ALERT: Eighth Circuit Court of Appeals Rejects “Reasonably Foreseeable” Standard for Extent of Notice to CreditorsPrint PDFShare
The Eight Circuit Court of Appeals recently weighed in on the extent to which a debtor must search for “known” creditors in order to provide sufficient notice of its bankruptcy and satisfy due process. In Dahlin v. Lyondell Chemical Co., ___ F.3d ___ (8th Cir. Jan. 26, 2018), the Eighth Circuit determined that a “known” creditor is one that is reasonably ascertainable, and a debtor need not perform more than one reasonably diligent search to unveil the identity of “known” creditors.
As a general proposition, in order for a debtor to receive a discharge of its debts in bankruptcy, the debtor must provide notice to creditors of the bankruptcy case and the deadline for creditors to assert a claim against the debtor. “Known” creditors must be provided with actual notice, while “unknown” creditors may receive notice by publication. Known creditors are those who are either known to the debtor or whose identity is “reasonable ascertainable” through “reasonably diligent efforts.”
In Dahlin, Cheri Dahlin sued Lyondell Chemical Company for wrongful death alleging that her husband’s acute myeloid leukemia was caused by his exposure to benzene at the debtor’s facility. Dahlin’s husband had worked for two companies as a commercial truck driver between 1990 and 1995 at a facility in Clinton, Iowa, during which time he was exposed to benzene. The debtor took over the Clinton facility in 1997 and subsequently filed for Chapter 11 bankruptcy in 2009. The bankruptcy court confirmed a reorganization plan in 2010. Dahlin’s husband was diagnosed in 2012 and passed away shortly thereafter. Dahlin brought her lawsuit after confirmation of the debtor’s reorganization plan.

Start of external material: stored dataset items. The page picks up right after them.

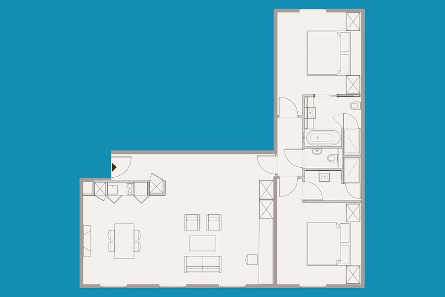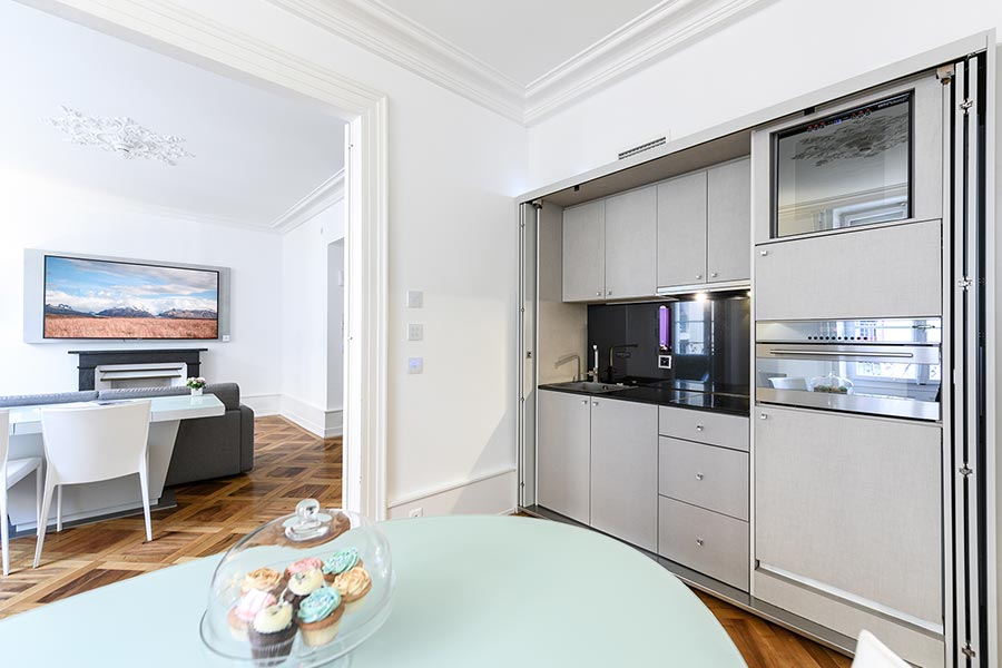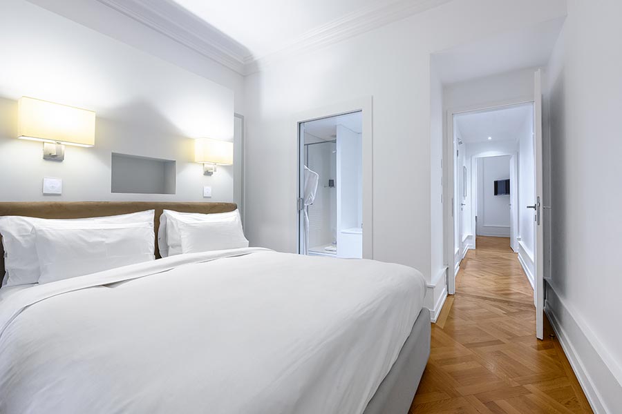 This bright and prestigious 100 squares meters apartment comfortably sleeps up to six persons. You will certainly enjoy the apartment’s cosy and elegant feel. The apartment features a living room, a large sofa bed and a separate dining area. There are two independent bedrooms, both featuring double beds and en suite bathrooms.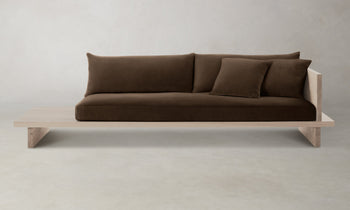 From the woodwork to the tailoring, every element of the Muir Sofa is a display of exquisite artisanship. Its angular frame extends beyond the seat cushion, allowing space for decorative objects or necessities. Handcrafted in North Carolina.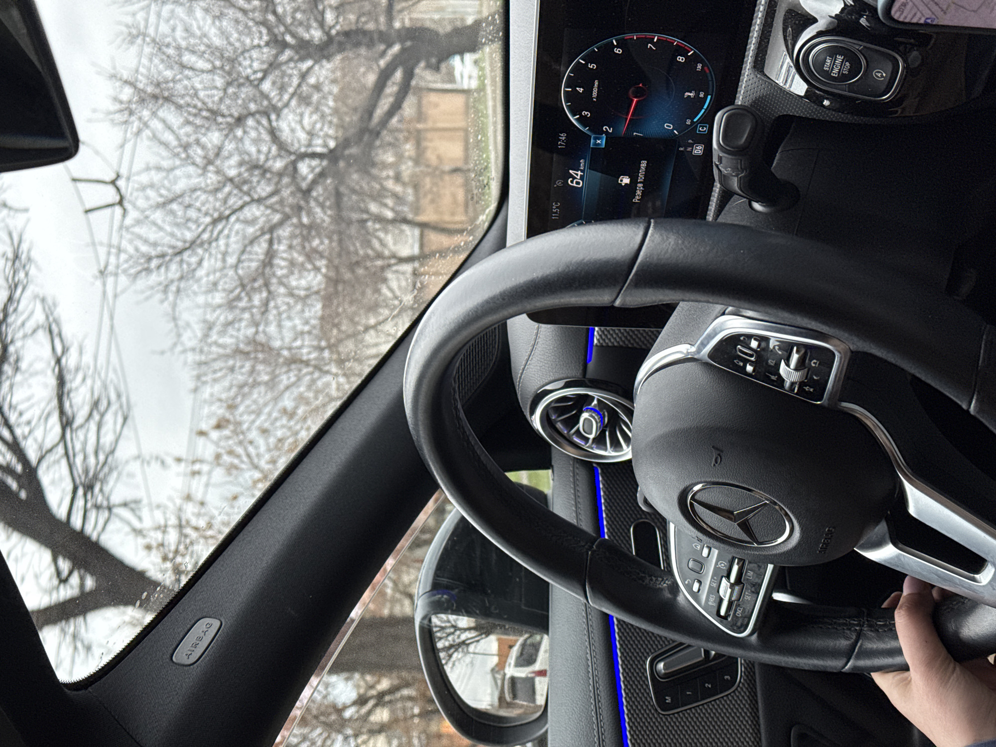 interior of a car, specifically the driver's perspective, likely taken while the car is in motion. The dashboard reveals a digital speedometer reading 64 km/h and a tachometer showing the engine running slightly above idle. The car is a Mercedes-Benz, as indicated by the logo on the steering wheel. An "AIRBAG" label is visible on the driver's side A-pillar. Outside the car's window, bare trees suggest a season with little or no foliage. The location is not specified in the image, and it's not possible to confirm Yerevan, Armenia.
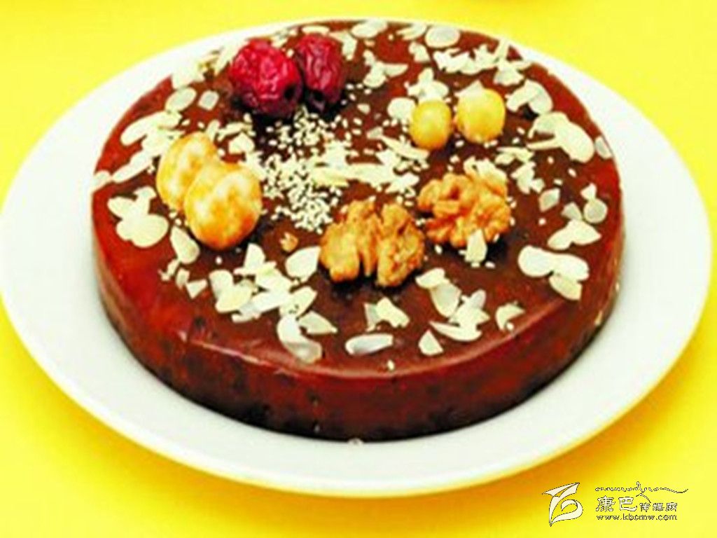 八寶年糕 原料 糯米1000克,白糖、麻仁青梅、葡萄干、瓜條、白蓮、桃脯、豬油各20克。 做法 先將糯米淘洗干凈,水浸24小時后上蒸籠蒸爛,取出用木棒搗爛攤涼,把白糖等搓勻成餡,在方盤內(nèi)刷豬油,鋪上搗爛的1厘米厚的糯米飯,每鋪一層放入適量的餡,共鋪3層,蒸熟后用刀切為小塊即成。 夾心年糕 原料 糯米1000克,青紅絲、小豆、白糖各50克。 做法 將糯米洗凈浸泡24小時后上蒸籠蒸爛,取出用木棒搗爛后展切成2塊,把小豆煮爛加糖再加青紅絲做成餡撒于其中一塊上,再將另一塊放在餡上壓實(shí)壓緊,用刀切成塊即可。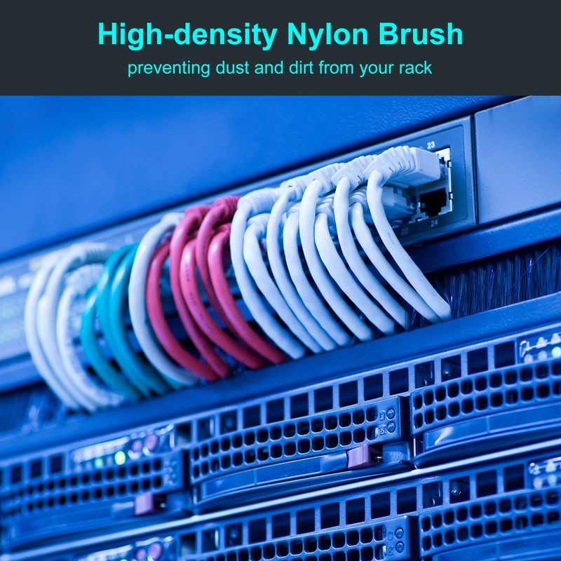 The data center cable management panel is with a high-density nylon brush strip and offers cable separation for a simple organization while preventing dust and dirt from your rack.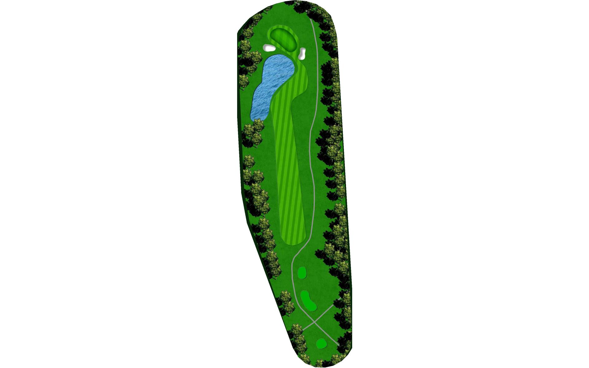 A short par 4 that requires an accurate tee shot of 180 to 200 yards. The approach shot is most critical, with a two-tier green and a pond short of the green.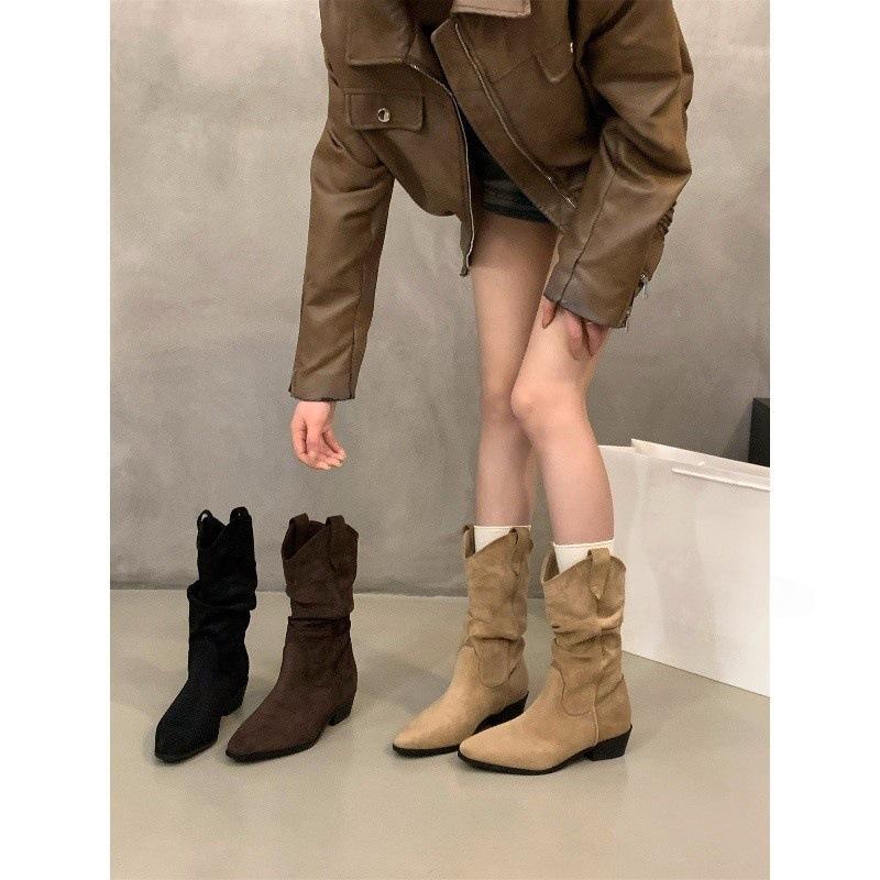 Grobe Ferse Khaki Wildleder Flor Mittlere Ritterstiefel Damenstiefel Saison Spitze V-Ausschnitt Skinny Kurze Stiefel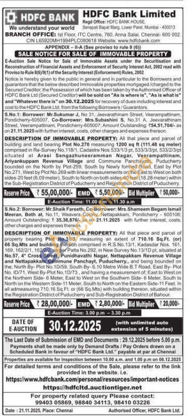 DESCRIPTION OF IMMOVABLE PROPERTY: All that piece and parcel of building and land bearing Plot No.270 measuring 1200 sq ft (111.48 sq meter) comprised in Re-Survey No. 118/1, Cadastre Nos 533/1/3 pt, 533/3/3/pt. 533/2/3/pt situated at Arasi Sengazhuneeramman Nagar, Veerampattinam, Ariyankuppam Revenue Village and Commune Parichayath, Puducherry bounded on the North by Plot-259, South by Newly formed Road, East by Plot No 271, West by Plot No.269 with linear measurements on the East to West on both sides-20 feet (6.09 meter) South to North on both sides-60 feet (18.26 meter) within the Sub-Registration District of Puducherry and Registration District of Puducherry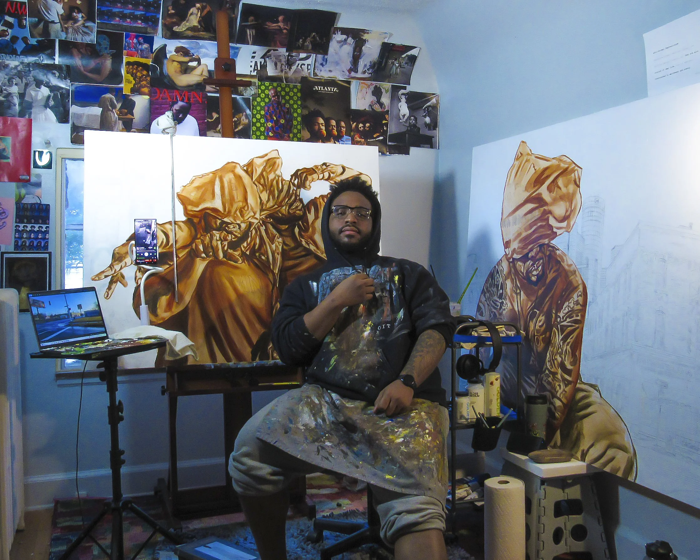 Andre Barker Jr. (b. 1997) is a figurative painter from Detroit, Michigan. He graduated summa cum laude with his BFA from Wayne State University in 2022 and earned his MFA from Columbia College Chicago in 2024. He currently serves as an Adjunct Professor in the James Pearson Duffy Department of Art, Art History & Design at Wayne State University in Detroit, Ml, and is represented by M Contemporary Art.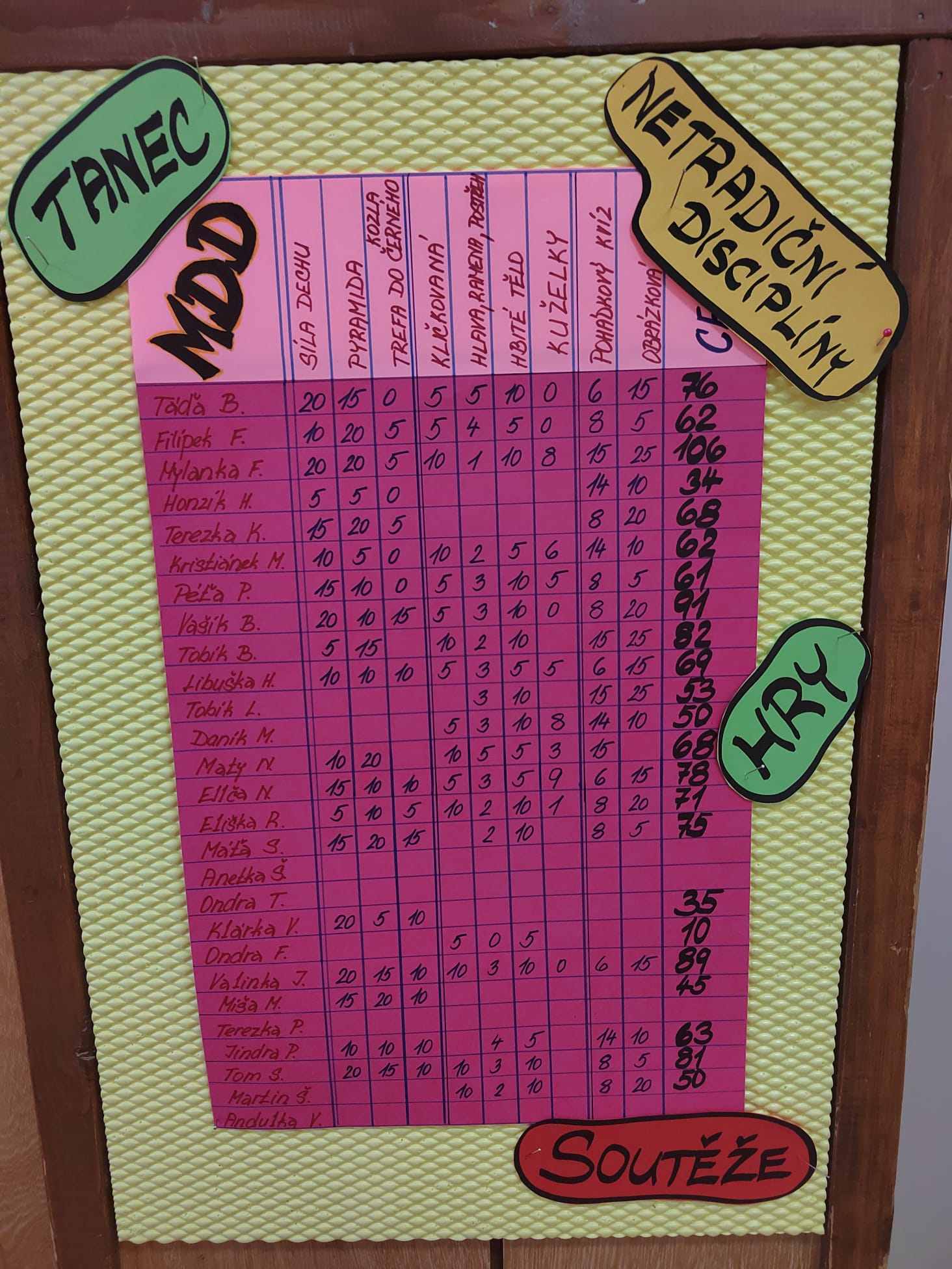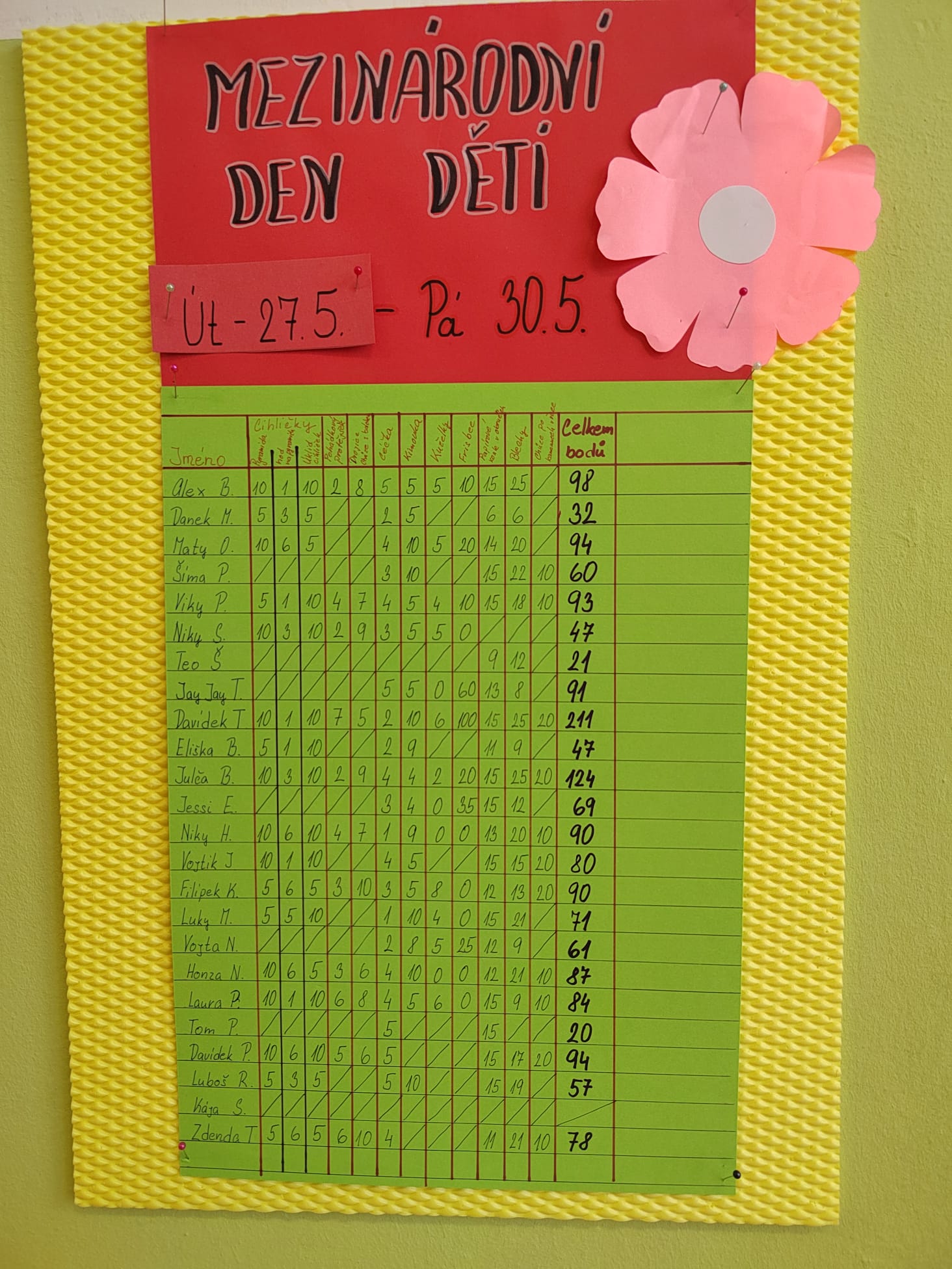 Paní vychovatelky si pro děti v každém oddělení připravily spoustu zábavných soutěží, kvízů a her, za které děti sbíraly body. Na konci týdne si své nasbírané bodíky proměnily v takzvaném krámku za pěkné věcné ceny nebo sladkosti.

Lyondell moved for summary judgment arguing that Dahlin’s pre-confirmation claim was discharged in bankruptcy. The district court denied the motion, holding that while the claim arose pre-confirmation, the discharge was not binding on Dahlin because she had received inadequate notice of the bankruptcy. Although defendants complied with Fed. R. Bankr. P. 1005 and 2002(n) by listing the names used within the eight years before filing the bankruptcy petition, the notice failed to list the names of the three companies that were the owners of the Clinton facility when Dahlin’s husband worked there. The district court reasoned that, despite compliance with the bankruptcy rules, the publication notice was insufficient to satisfy due process because defendants should have known of their potential liability for future benzene claims. Using this “foreseeability” test, the district court concluded that the defendants should have listed the names of those three previous owner companies. Dahlin later won her jury trial and was awarded damages.
The Eighth vacated the judgment and remanded the case, rejecting the district court’s use of the “reasonably foreseeable” standard. There had been no dispute that Dahlin’s cause of action constituted a claim that arose pre-confirmation and that defendants had conducted a reasonably diligent search for creditors. This search produced over one million reasonably ascertainable creditors; Dahlin’s husband was not one of those identified. The Eighth Circuit stated that applying the district court’s rule would require defendants “to conduct another search beyond a reasonably diligent search for known creditors” and noted that a debtor “need not undertake impracticable and extended searches . . . in the name of due process.” In rejecting the foreseeability test, the Eighth Circuit agreed with the Third Circuit in Chemetron Corp. v. Jones, 72 F.2d 341 (3d Cir. 1995) that “[d]ebtors cannot be required to provide actual notice to anyone who potentially could have been affected by their actions” and that only those creditors whose identities are known or reasonably ascertainable are entitled to more than notice by publication.
The Eighth Circuit’s holding provides some clarity regarding the extent to which a debtor must attempt to identify potential creditors. While the bankruptcy rules may not always be co-extensive with due process requirements, a debtor that conducts a reasonably diligent search for “known” creditors and provides detailed publication notice to “unknown” creditors, in accordance with the bankruptcy rules, may have a strong argument that due process has been satisfied.